Problem to solve
Retype, word for word, each line between the lines holding "萨满的主要宗教仪式是跳神和求" and "Lucerna hranatá SQUARE, kov/sklo, černá, 23x55x22/18x42x18cm|Ego", inclusive, and leave the rest of the data alone.

Given information
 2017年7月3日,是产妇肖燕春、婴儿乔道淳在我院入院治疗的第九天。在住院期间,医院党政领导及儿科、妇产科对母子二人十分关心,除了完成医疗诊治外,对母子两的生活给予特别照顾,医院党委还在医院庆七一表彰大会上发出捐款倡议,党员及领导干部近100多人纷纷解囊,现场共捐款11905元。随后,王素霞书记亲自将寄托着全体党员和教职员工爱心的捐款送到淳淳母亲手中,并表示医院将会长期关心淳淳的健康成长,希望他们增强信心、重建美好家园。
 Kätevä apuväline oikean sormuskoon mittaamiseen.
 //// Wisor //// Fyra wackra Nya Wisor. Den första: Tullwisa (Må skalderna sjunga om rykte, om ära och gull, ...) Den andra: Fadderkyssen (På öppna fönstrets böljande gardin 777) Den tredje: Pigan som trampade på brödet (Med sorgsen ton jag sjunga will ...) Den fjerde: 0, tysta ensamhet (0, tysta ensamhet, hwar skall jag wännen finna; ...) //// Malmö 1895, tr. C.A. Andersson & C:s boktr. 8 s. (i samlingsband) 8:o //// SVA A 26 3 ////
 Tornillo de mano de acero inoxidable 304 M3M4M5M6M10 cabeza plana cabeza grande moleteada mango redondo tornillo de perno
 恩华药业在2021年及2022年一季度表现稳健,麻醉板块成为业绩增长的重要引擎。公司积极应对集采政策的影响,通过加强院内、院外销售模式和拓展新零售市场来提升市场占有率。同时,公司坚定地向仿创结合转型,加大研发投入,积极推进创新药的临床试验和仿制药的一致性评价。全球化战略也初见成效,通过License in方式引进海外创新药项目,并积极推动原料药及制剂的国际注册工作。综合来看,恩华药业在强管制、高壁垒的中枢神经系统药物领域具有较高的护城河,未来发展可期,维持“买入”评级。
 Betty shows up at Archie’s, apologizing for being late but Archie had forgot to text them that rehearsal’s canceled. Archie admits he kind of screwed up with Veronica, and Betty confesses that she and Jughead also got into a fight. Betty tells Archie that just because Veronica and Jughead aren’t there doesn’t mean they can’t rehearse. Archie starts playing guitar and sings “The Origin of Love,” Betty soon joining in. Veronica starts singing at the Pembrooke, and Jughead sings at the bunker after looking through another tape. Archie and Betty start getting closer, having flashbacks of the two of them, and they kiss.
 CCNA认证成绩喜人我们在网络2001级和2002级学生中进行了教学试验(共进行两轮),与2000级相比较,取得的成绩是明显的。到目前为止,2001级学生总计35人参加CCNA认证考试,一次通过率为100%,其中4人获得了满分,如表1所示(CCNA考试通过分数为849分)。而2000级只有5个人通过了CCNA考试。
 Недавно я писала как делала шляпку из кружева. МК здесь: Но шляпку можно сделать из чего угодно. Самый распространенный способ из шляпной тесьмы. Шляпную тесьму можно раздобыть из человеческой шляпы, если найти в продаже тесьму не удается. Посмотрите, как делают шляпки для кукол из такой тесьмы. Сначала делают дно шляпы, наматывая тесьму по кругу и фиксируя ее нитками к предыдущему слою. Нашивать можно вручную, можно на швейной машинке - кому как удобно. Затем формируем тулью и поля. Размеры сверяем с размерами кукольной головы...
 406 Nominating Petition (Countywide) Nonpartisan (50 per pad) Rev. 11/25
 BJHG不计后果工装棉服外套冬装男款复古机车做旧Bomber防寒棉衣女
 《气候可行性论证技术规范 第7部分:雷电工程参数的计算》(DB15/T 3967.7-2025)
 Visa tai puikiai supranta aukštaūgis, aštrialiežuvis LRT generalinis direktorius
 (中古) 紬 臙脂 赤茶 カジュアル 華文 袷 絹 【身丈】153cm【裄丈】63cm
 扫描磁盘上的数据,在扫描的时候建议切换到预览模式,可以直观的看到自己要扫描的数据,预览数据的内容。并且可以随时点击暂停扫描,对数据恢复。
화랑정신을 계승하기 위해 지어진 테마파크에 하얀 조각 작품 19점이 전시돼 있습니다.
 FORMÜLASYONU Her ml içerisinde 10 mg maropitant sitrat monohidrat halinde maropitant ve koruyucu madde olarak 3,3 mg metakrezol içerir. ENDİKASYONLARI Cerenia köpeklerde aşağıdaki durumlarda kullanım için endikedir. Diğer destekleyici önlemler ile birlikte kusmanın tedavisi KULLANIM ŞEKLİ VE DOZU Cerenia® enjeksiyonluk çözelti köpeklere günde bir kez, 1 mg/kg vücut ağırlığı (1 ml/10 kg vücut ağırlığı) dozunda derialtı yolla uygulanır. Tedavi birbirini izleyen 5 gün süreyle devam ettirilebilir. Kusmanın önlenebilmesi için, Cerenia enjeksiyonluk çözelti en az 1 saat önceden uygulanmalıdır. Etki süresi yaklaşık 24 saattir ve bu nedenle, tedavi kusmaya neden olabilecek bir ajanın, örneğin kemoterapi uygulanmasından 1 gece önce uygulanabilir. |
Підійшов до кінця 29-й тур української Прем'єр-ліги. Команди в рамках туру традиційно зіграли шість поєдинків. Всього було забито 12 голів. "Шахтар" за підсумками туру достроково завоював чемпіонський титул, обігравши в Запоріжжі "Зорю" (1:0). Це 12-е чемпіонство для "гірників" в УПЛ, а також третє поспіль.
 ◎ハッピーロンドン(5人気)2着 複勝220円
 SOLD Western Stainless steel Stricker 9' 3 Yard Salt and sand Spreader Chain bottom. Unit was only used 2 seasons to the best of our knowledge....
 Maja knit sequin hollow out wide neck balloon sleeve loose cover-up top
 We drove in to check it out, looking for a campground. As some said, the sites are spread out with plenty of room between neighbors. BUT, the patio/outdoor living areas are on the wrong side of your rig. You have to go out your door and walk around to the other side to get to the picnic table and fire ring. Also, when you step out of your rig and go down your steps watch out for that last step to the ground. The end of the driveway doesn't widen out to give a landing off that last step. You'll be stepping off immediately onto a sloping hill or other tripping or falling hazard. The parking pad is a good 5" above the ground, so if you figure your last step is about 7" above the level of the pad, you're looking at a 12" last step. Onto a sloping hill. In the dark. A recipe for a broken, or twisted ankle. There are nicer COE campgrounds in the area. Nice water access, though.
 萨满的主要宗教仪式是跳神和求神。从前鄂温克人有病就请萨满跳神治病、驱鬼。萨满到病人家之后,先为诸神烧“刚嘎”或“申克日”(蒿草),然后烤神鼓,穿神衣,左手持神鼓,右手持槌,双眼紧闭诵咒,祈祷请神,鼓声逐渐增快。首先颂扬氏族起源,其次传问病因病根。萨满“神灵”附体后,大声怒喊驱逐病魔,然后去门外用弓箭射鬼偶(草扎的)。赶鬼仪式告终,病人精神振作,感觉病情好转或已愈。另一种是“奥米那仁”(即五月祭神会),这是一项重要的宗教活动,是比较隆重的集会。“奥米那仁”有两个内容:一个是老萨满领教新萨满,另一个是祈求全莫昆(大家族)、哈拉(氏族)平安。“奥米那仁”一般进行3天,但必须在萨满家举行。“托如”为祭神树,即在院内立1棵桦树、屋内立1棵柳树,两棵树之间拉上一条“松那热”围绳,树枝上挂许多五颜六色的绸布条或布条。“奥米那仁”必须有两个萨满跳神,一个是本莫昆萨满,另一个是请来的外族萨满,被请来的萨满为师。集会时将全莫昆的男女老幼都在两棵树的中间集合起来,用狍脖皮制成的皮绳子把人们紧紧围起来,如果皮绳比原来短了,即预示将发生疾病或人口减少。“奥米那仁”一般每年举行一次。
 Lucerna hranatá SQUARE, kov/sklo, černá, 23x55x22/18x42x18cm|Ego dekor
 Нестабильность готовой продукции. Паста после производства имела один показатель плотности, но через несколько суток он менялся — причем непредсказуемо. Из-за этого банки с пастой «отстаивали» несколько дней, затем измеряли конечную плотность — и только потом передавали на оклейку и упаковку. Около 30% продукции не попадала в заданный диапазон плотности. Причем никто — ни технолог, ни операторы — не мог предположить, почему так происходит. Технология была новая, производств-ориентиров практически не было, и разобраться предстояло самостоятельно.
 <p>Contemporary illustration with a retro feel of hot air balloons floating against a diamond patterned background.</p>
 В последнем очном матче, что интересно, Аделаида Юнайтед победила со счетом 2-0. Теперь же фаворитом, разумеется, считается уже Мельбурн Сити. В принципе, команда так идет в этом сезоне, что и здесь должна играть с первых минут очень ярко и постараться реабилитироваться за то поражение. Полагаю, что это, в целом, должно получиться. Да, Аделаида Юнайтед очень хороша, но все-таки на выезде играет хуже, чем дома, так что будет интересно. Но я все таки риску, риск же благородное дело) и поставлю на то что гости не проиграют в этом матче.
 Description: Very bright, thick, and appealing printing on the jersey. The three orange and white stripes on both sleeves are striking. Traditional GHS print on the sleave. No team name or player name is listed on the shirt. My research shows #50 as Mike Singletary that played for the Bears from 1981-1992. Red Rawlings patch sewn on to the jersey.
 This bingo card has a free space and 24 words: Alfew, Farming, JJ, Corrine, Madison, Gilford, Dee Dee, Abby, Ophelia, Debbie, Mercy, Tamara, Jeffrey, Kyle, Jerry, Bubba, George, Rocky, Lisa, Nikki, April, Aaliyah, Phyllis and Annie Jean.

Final answer
 萨满的主要宗教仪式是跳神和求神。从前鄂温克人有病就请萨满跳神治病、驱鬼。萨满到病人家之后,先为诸神烧“刚嘎”或“申克日”(蒿草),然后烤神鼓,穿神衣,左手持神鼓,右手持槌,双眼紧闭诵咒,祈祷请神,鼓声逐渐增快。首先颂扬氏族起源,其次传问病因病根。萨满“神灵”附体后,大声怒喊驱逐病魔,然后去门外用弓箭射鬼偶(草扎的)。赶鬼仪式告终,病人精神振作,感觉病情好转或已愈。另一种是“奥米那仁”(即五月祭神会),这是一项重要的宗教活动,是比较隆重的集会。“奥米那仁”有两个内容:一个是老萨满领教新萨满,另一个是祈求全莫昆(大家族)、哈拉(氏族)平安。“奥米那仁”一般进行3天,但必须在萨满家举行。“托如”为祭神树,即在院内立1棵桦树、屋内立1棵柳树,两棵树之间拉上一条“松那热”围绳,树枝上挂许多五颜六色的绸布条或布条。“奥米那仁”必须有两个萨满跳神,一个是本莫昆萨满,另一个是请来的外族萨满,被请来的萨满为师。集会时将全莫昆的男女老幼都在两棵树的中间集合起来,用狍脖皮制成的皮绳子把人们紧紧围起来,如果皮绳比原来短了,即预示将发生疾病或人口减少。“奥米那仁”一般每年举行一次。
 Lucerna hranatá SQUARE, kov/sklo, černá, 23x55x22/18x42x18cm|Ego dekor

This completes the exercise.